--- START ---
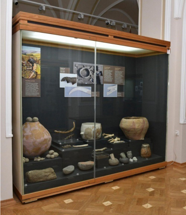
Fotoğraf 7 ve 8: Vitrin içi sergilemeler azhistorymuseum.gov.az/az/history
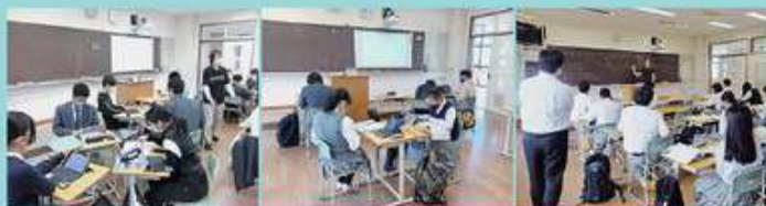
「一人一台端末の活用」
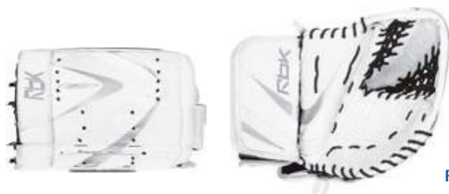
RBK YT och JR utförande.

Svenska Ishockey-förbundet har under några års tid genomfört utbildningar i val av utrustning till ett överkomligt pris utan att ge avkall på säkerheten. För att hitta rätt utrustning har en affisch producerats som också fungerar som kroppslängdmätare. Skalan är 1:1 med 10-centimeters steg. Affischen visar lämplig utrustning för utespelare och för målvakter.
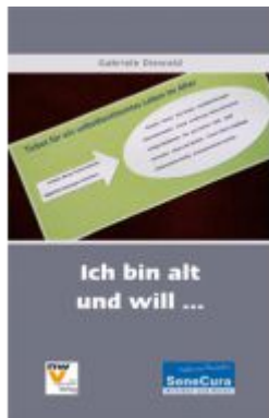
Ich bin alt und will ... Ladenpreis: 24,80 EUR
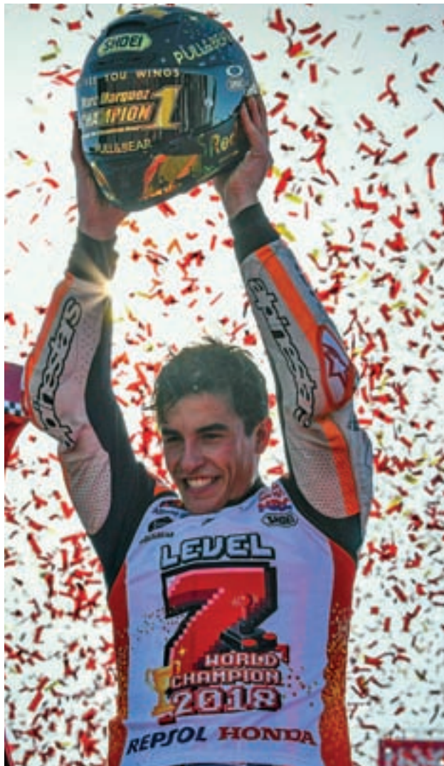
Marc Márquez celebró por todo lo alto su título

Por el momento, ya ha igualado a los británicos John Surtees y Phil Read, aunque ninguno de ellos, tampoco Valentino Rossi, había llegado al pentacampeonato en la categoría reina con los 25
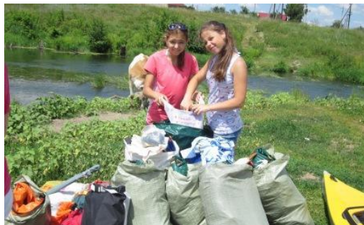
23.06.2016. Место старта г. Аткарск

В 8.30 собрались в лицее и начали погрузку снаряжения.
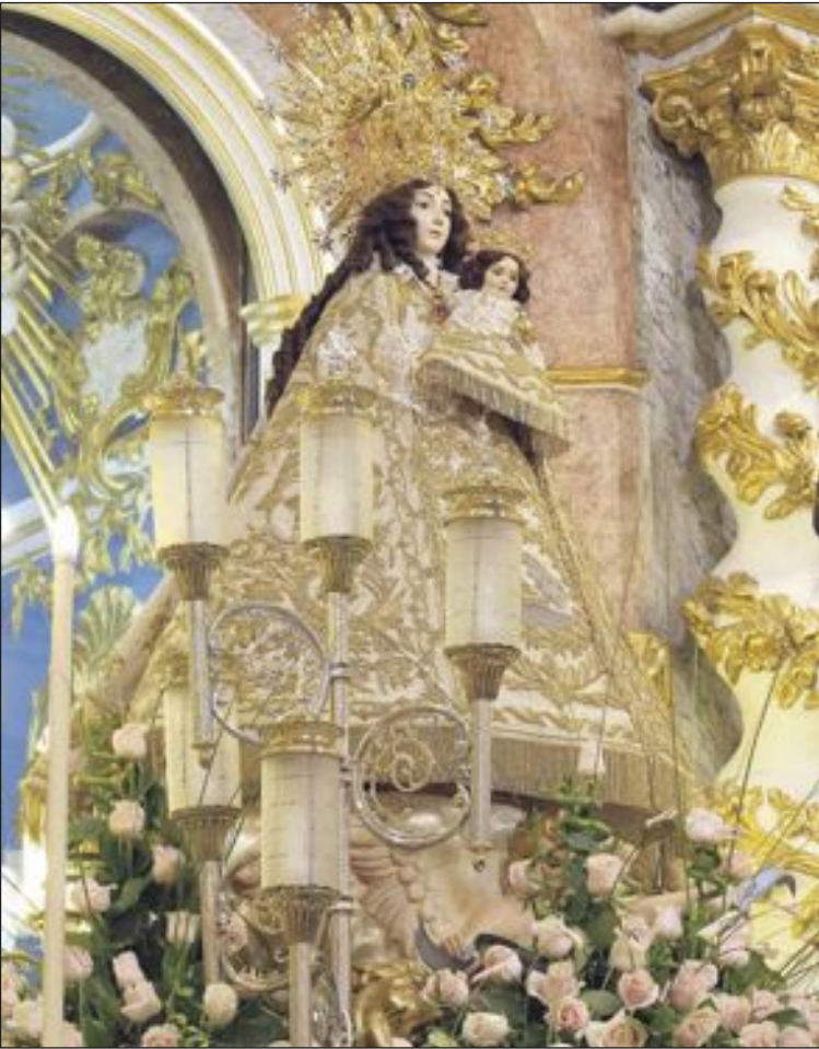
La patrona de Onil vuelve a descansar en su Ermita tras las Fiestas
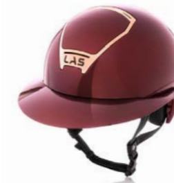
Burgundi/Rose Gold LH00200223 313
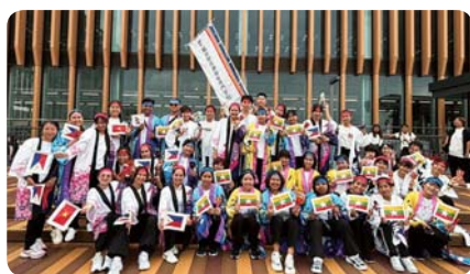
フェニックス祭り YOSAKOI (福井県医療福祉専門学校)
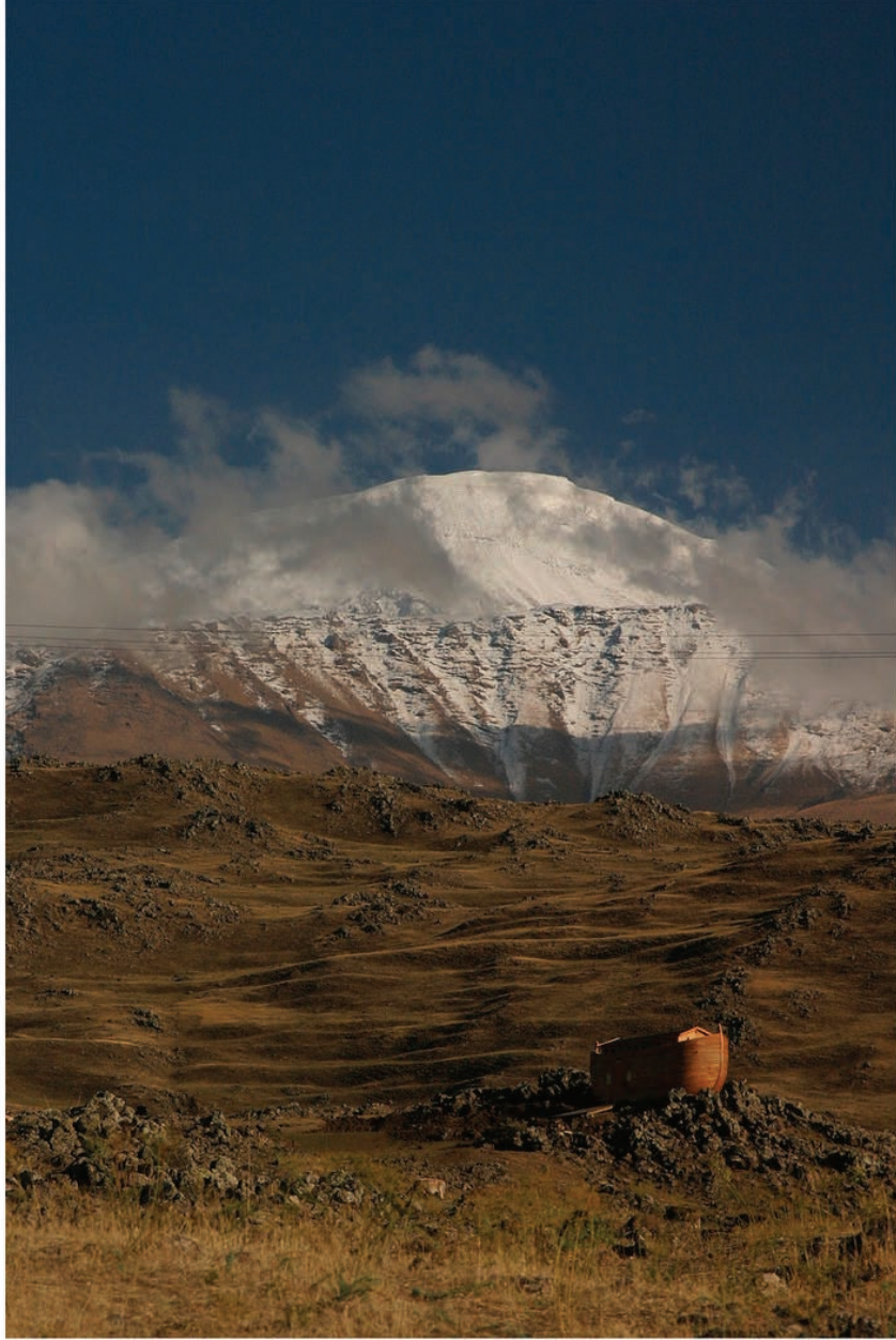
Greenpeace üyeleri tarafından sembolik olarak yapılan Nuh'un Gemisi ve Ağrı Dağı, kuzeyden (Korhan Yaylası)
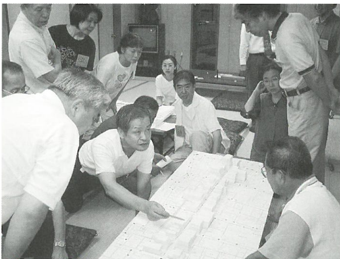
現況模型を前にまちを再認識し建物の高さや斜線など、建築の規制について意見交換しました

音大通りは、江古田北部地区の中でも道幅が狭い商店街の一つで、江古田斎場へ向かう環七からの車輛が入ってこれる唯一の通りでもあり、安全面からも、改善が必要な区域と考えられています。「江古田北部地区 密集住宅市街地整備促進事業」でも、「歩行者優先道路」として位置づけています。そこで、どのような整備がふさわしいのか、地元の方たちと一緒にその方向を考えていこうと平成12年7月から「音大通りの整備に関する懇談会」を行っています。
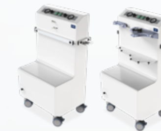
ATMOS TWIN RECORD 55
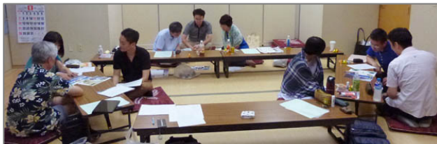
傾聴インタビューをやってます

作品が出来上がったら、その作品について傾聴インタビューしていきます(10分間)。作品のタイトルや作ってみての感想、気に入っている切り抜きや、作る過程で考えたこと、浮かんできたイメージなど、交代で聴いていきます。
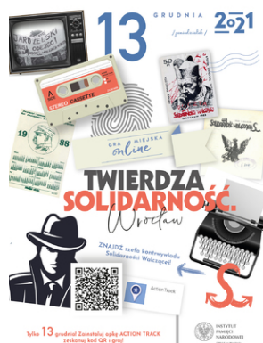
Gra Miejska online „Twierdza Solidarność. Wrocław”

gra będzie osiągalna w późniejszym terminie, po zlurowaniu obostrzeń pandemicznych. Kod QR do rozpoczęcia gry znajduje się w pliku PDF na dole strony.
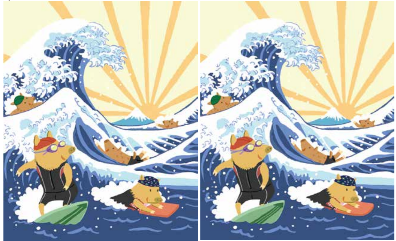
正解は最終ページにあります。 イラスト 長縄キヌエ

今年はいノシシの年です。 今月の1枚 今年の干支イノシシが初日の出とともに北斎の波に果敢に挑戦！幸先の良いスタートです。今年も良いことことがありますように。
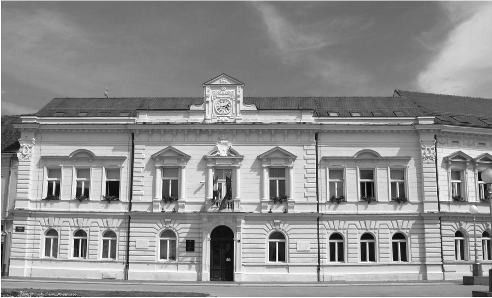
Sl. 4. Zgrada koprivničke Pučke škole sagrađena 1857. godine, danas Gradsko vijećnica

ti su se za Uskrs obvezno morali ispovjediti i pričestiti. Ocjene su bile za pojedine predmete iskazivane slovima: nd – nedovoljan, dv – dovoljan, db – dobar i vd – vrlo dobar. Ocjenjivanje je bilo vrlo strogo i u pravilu je šegrt tijekom svog naukovanja ponavljao barem jedan razred, a vrlo česti i dva. I disciplinske mjere su bile vrlo stroge i dijelile su se, ne samo za neadekvatno ponašanje, već i lijenost pa su često bile razlog izbacivanja iz škole. U Glavnom imeniku postojala je i rubrika Opaska – kada je 1890./91. godine jedan učenik bio isključen iz škole, bilo je upisano Zaključkom sjednice učiteljskog zbora isključen poradi posvemašnje moralne pokvarenosti, jer nije bilo nade da se isti popravi i pošto je bio sablazan cijelom zavodu.
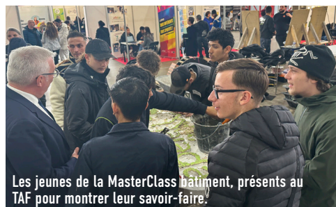
Les jeunes de la MasterClass bâtiment, présents au TAF pour montrer leur savoir-faire.
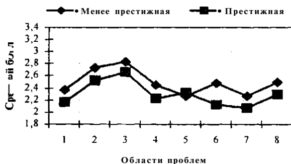
Рис. 2. Проблемная озабоченность подростков, у родителей которых профессии с разной престижностью

Из-за отсутствия социальной поддержки, низкого уровня образования они не в состоянии оказать детям необходимую помощь в обучении и т. д. С целью выяснения профессионального статуса родителей подростков мы использовали вышеизложенную классификацию, ныне популярную в исследовании социального положения китайских граждан. Мы определяем первые 3 вида профессии как социально престижными, последние 3 вида профессии менее престижными. Мы сравнили эти две группы и получили следующую информацию (см. табл. 2. и рис. 2).
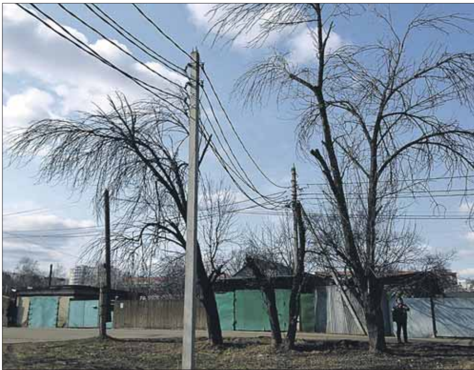
Ветки, нависающие над проводами, спиливают по предписанию Мосэнергo

Проезжую часть и прилегающую территорию на 1-м Красковском с 1 марта обслуживает ГБУ «Жилищник района Косино-Ухтомский». Однако рубить и пилить ветки,
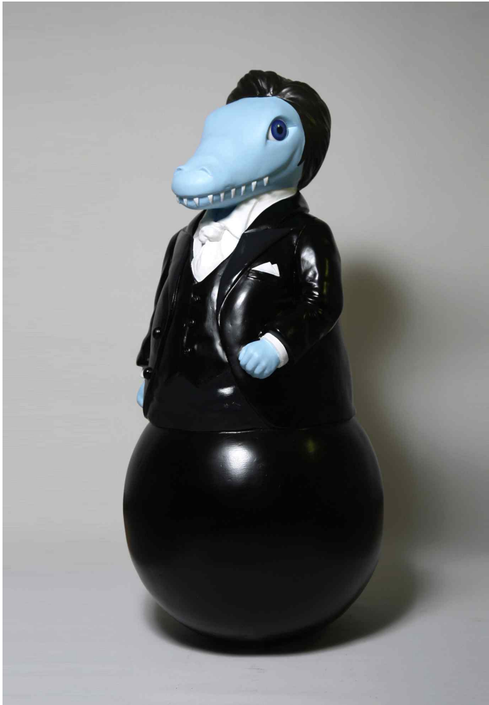
【작품 2】 DongHyun / 62 x 62 x 145cm / 2015
--- END ---
[YOUR TASK]:
Your task is to reproduce the entries above word for word, from the first line through the line with "Marc Márquez celebró", and please leave out any pictures.

[ANSWER AREA]:
Fotoğraf 7 ve 8: Vitrin içi sergilemeler azhistorymuseum.gov.az/az/history
「一人一台端末の活用」
RBK YT och JR utförande.

Svenska Ishockey-förbundet har under några års tid genomfört utbildningar i val av utrustning till ett överkomligt pris utan att ge avkall på säkerheten. För att hitta rätt utrustning har en affisch producerats som också fungerar som kroppslängdmätare. Skalan är 1:1 med 10-centimeters steg. Affischen visar lämplig utrustning för utespelare och för målvakter.
Ich bin alt und will ... Ladenpreis: 24,80 EUR
Marc Márquez celebró por todo lo alto su título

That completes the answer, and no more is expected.